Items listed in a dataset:
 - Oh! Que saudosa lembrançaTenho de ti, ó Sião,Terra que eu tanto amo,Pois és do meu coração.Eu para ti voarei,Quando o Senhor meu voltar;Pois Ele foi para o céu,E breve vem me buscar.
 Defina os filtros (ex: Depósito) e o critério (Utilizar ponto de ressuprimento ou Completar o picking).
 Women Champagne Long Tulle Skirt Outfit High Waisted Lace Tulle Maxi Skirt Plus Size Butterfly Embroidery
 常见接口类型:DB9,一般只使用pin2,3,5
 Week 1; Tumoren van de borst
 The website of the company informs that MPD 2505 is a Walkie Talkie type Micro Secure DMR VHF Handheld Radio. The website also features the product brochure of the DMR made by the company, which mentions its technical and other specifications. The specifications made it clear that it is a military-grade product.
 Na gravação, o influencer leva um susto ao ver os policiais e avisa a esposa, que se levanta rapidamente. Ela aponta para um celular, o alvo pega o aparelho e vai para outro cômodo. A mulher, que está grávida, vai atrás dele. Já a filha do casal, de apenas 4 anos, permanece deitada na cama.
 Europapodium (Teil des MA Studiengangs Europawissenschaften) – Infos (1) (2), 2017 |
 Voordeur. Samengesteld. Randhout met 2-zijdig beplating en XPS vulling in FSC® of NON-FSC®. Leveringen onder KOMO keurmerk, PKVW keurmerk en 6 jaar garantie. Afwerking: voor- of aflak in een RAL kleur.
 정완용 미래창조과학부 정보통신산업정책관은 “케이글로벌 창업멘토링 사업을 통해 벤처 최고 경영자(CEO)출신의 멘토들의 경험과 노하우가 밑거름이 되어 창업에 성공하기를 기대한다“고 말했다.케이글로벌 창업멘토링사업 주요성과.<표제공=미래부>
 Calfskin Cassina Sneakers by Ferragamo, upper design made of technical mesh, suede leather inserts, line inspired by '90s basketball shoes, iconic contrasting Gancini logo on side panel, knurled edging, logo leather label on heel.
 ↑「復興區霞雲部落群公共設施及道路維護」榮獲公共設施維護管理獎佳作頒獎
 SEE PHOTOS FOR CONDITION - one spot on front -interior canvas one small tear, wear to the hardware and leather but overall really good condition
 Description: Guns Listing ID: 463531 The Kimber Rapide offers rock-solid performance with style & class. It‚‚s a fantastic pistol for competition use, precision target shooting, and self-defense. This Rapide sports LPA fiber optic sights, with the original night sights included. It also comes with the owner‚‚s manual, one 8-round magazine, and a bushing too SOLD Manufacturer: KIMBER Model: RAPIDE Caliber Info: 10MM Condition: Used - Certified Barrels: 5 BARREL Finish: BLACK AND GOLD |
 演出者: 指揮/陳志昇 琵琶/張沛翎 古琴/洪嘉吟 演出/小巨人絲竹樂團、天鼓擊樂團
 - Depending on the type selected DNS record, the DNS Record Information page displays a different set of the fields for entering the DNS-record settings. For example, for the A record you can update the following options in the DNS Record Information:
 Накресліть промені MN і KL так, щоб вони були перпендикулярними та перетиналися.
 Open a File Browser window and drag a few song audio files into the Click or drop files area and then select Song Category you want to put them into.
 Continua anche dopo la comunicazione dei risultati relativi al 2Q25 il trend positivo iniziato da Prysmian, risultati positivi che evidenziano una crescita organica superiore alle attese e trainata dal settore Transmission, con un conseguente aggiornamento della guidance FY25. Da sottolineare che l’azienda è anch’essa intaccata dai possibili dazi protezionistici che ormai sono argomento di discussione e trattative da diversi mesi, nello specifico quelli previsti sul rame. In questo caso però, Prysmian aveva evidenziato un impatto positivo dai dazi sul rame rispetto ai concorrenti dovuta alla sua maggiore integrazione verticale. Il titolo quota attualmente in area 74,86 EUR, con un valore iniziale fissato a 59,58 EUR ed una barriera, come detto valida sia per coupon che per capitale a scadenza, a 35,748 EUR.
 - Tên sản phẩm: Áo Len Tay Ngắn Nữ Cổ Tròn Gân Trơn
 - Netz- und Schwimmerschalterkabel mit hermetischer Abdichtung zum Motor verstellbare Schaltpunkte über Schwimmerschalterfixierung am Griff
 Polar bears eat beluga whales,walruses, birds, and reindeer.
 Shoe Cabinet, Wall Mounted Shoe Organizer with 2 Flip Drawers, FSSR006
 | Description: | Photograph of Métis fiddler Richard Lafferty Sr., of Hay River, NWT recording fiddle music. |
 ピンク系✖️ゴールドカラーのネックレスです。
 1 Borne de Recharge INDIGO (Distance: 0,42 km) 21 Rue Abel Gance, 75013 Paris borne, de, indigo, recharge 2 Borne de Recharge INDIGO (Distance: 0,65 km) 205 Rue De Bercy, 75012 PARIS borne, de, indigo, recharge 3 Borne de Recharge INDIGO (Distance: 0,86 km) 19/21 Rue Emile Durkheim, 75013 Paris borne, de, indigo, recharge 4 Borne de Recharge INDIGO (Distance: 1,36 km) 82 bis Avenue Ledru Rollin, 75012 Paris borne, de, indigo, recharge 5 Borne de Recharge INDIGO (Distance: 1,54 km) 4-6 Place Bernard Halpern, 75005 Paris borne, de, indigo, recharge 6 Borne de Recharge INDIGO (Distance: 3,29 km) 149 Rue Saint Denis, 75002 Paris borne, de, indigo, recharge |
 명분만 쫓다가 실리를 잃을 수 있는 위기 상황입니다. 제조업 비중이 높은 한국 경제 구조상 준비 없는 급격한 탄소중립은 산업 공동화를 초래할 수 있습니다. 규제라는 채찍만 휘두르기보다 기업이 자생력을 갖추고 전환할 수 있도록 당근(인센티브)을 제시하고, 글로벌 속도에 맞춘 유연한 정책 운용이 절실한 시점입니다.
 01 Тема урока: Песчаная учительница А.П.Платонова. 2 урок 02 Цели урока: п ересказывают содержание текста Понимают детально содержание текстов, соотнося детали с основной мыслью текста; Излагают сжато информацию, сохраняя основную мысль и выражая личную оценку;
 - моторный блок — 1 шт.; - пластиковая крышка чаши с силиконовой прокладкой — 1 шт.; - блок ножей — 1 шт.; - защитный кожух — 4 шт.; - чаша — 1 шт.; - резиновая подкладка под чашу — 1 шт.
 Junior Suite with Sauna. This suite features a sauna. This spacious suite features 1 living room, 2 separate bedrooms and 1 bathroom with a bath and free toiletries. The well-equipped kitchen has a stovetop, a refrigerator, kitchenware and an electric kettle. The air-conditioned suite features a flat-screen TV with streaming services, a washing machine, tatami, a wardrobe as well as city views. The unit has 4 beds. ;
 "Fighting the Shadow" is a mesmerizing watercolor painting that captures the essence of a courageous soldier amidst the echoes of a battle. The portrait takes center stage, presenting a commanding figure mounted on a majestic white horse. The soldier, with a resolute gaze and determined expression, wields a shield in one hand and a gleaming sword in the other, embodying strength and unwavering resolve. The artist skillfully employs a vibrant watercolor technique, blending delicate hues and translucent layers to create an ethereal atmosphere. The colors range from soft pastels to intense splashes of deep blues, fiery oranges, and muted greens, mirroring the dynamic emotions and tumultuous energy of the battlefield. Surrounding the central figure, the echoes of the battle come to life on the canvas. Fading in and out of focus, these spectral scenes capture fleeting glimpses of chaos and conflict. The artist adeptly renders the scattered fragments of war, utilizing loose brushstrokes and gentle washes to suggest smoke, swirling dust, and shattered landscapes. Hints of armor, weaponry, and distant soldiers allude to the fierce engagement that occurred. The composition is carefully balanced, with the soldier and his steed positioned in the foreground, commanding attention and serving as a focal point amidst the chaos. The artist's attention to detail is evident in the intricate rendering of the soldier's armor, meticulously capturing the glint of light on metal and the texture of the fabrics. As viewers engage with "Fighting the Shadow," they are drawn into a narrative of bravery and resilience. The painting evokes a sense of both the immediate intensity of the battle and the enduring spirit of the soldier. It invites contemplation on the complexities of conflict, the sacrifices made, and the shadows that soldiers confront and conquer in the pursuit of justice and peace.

▶ Exercise details
Exact duplication is required for the lines above, from the line that contains "01 Тема урока: Песчаная" to the line that contains "Junior Suite with", inclusive; omit all others.

▶ Answer area
 01 Тема урока: Песчаная учительница А.П.Платонова. 2 урок 02 Цели урока: п ересказывают содержание текста Понимают детально содержание текстов, соотнося детали с основной мыслью текста; Излагают сжато информацию, сохраняя основную мысль и выражая личную оценку;
 - моторный блок — 1 шт.; - пластиковая крышка чаши с силиконовой прокладкой — 1 шт.; - блок ножей — 1 шт.; - защитный кожух — 4 шт.; - чаша — 1 шт.; - резиновая подкладка под чашу — 1 шт.
 Junior Suite with Sauna. This suite features a sauna. This spacious suite features 1 living room, 2 separate bedrooms and 1 bathroom with a bath and free toiletries. The well-equipped kitchen has a stovetop, a refrigerator, kitchenware and an electric kettle. The air-conditioned suite features a flat-screen TV with streaming services, a washing machine, tatami, a wardrobe as well as city views. The unit has 4 beds. ;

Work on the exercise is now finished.